A retrospective study On long-term prognostic significance of ventricular late potentials after acute myocardial infarction
SHEN Yi,LIANG Jin-rui,LI Hong-wei,GU Fu-sheng,SHEN La-hua,HU Pei-chen,ZHAO Shu-yan,LI Fang. A retrospective study On long-term prognostic significance of ventricular late potentials after acute myocardial infarction[J]. Chinese Journal of Cardiovascular Medicine, 2009, 14(3).
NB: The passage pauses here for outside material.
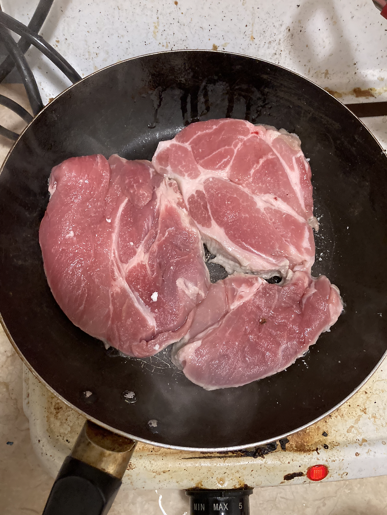 400g에 3천원도 하지 않는 가격에 목살을, 600원에 대파 한 줄기까지. 야무지게 구운 후 김치와 햇반까지.
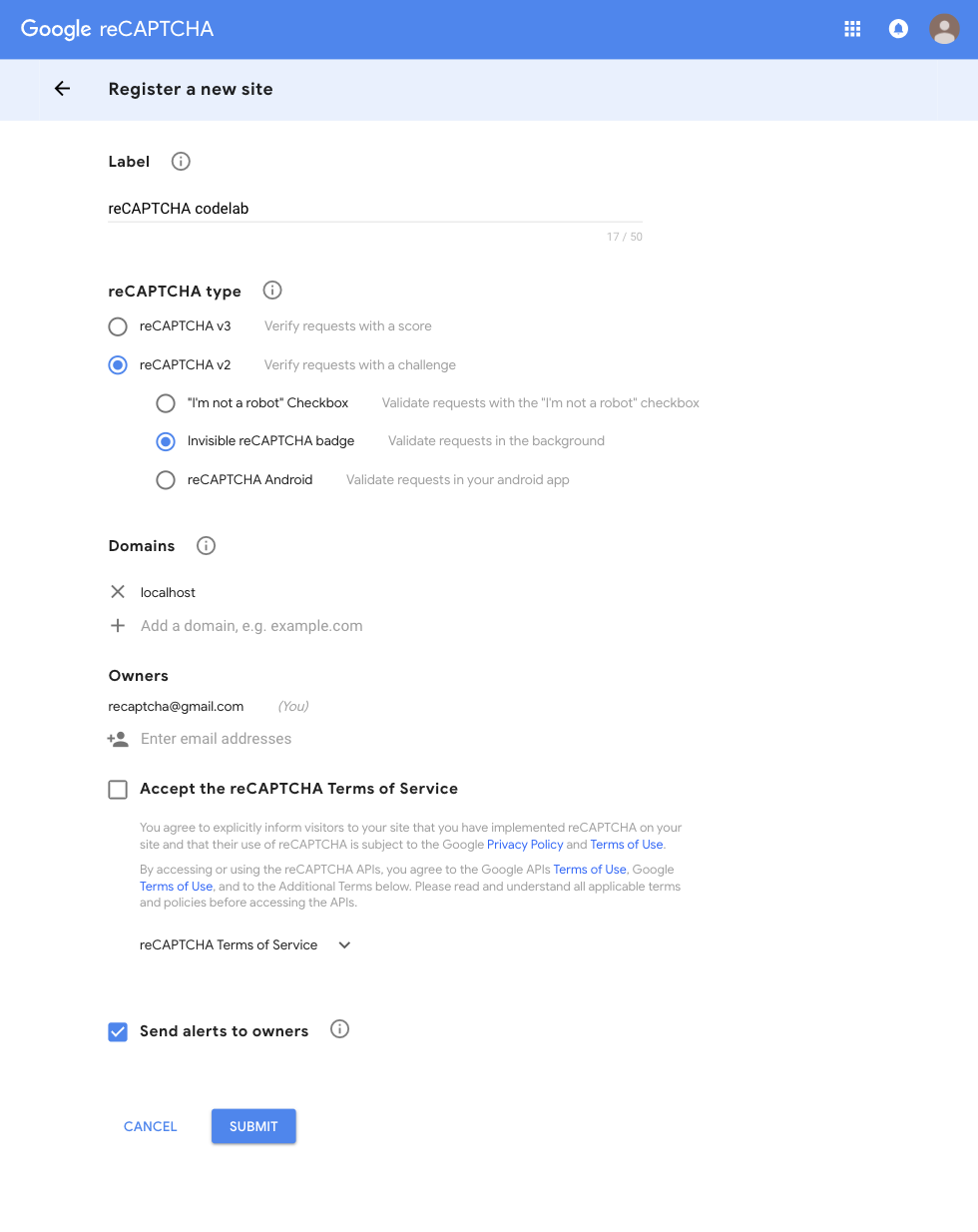 همانطور که می بینید در این فرم باید بین نسخه دوم و سوم reCAPTCHA انتخاب کنید. همچنین نوع کپچای شما نیز در این قسمت انتخاب می شود. من به شما پیشنهاد می کنم که از همان نسخه دوم (v2) استفاده کنید چرا که نسخه سوم مخصوص وب سایت های خاص است و مشکلاتی نیز دارد. مثلا اسکریپت های نسخه سوم باید در تمام صفحات وب سایت شما بارگذاری شده و به همراه لینک «حریم خصوصی» یا privacy باشند. همچنین علاوه بر رفتار کاربر (کلیک ها و حرکات موس) تمامی محتوای فرم نیز به گوگل آپلود می شود بنابراین سعی کنید از همان نسخه دوم استفاده نمایید. من فعلا روی حالت checkbox تمرکز می کنم و در انتهای مقاله گزینه invisible را نیز توضیح خواهم داد.

DOI: 10.3969/j.issn.1007-5410.2009.03.016
Authors:SHEN Yi  LIANG Jin-rui  LI Hong-wei  GU Fu-sheng  SHEN La-hua  HU Pei-chen  ZHAO Shu-yan  LI Fang
Abstract:Objective To explore the prognostic value of ventricular late potentials (LP) in post-infarction patients.Methods A total of 243 consecutive survivors of acute myocardial infarction(AMI) from Dec.1997 to Dec.1999 in our hospital were reviewed and eligible patients were divided into LP positive group (n=83) and LP negative group(n= 60).The mean follow up time was (10±0.83)years.The primary endpoints were composite of serious arrhythmic events,sudden cardiac death and congestive heart failure death.The secondary endpoints were composite of serious arrhythmic events and sudden cardiac death.Results The incidences of primary endpoints and secondary endpoints were significantly higher in LP positive group than in LP negative group(18.1% vs.11.9%,HR 4.19,95% CI 2.50-7.02,P<0.0001 and 7.0% vs.2.1%,HR 7.64,95% CI 2.02-20.75,P<0.0001).Kaplan-Meier survival analysis showed that the survival rate of free of events in LP positive group was significantly lower than that in LP negative group (47.0% vs.81.9% P<0.0001).Muhivariate Cox regression analysis showed that LP positive was the strongest independent predictor of the primary endpoints(HR 3.57,95% CI 1.87-6.81,P<0.0001).Conclusions LP positive is a powerful predictor of poor prognosis in patients with myocardial infarction.